A summary of the process throughout the study is presented as a flowchart on .
Table 4. Flowchart of methodology throughout the study.
Results
After the CPP protocol, three animals from US group and one animal from physiologic saline group died during anaesthesia.
For CPP, time spent in seconds (s) by rats in preliminary test stage within the white compartment and the black compartment is presented in , and the time spent by physiologic saline and morphine groups within the white compartment during preliminary test and place preference test is presented in . In , LIFU was shown to affect the place preference of rats which have developed CPP to morphine and are continuing to morphine conditioning.
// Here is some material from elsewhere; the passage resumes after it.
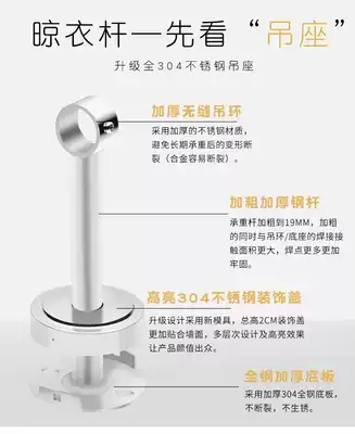 304 stainless steel balcony clothes top fixed drying rack single pole hanging clothes rod household

Figure 5. Time spent by rats in preliminary test stage within white compartment and black compartment.
Figure 6. Time spent in white compartment by physiologic saline and morphine groups during preliminary test and place preference test.
Figure 7. LIFU effect on the place preference of rats.
Results of statistical analyses
Upon comparing the time in seconds spent by all rats in the white and black compartments in preliminary test stage, time spent in the black compartment was significantly higher than time spent in the white compartment (). Thus, the experiment procedure was prepared to suit biased design.
In preliminary test stage, no significant difference was determined upon comparing time spent in the white compartment by rats in saline [33,4 (3,4 −114,4) s] and morphine [37,2 (0–188,8) s] groups (p > .05). In place preference test stage, upon comparing time spent by groups in the white compartment, time spent by morphine group [159,7 (0,0–754,9) s] was significantly higher than the time spent by saline group [43,7 (0,3–176,3) s] (p < .05). Furthermore, time spent by morphine group within the white compartment in place preference test [159,7 (0,0–754,9) s] was significantly higher than the time spent within the white compartment in preliminary test [37,2 (0–188,8) s] (p < .01). Upon comparing the place preference test time and the preliminary test time of both groups with regard to time spent in the white compartment, time difference of morphine group [93,7 (−86,0–733,1) s] was significantly higher than time difference of saline group [1,9 ± (−45,2–148,0) s] (p < .01) ( and ).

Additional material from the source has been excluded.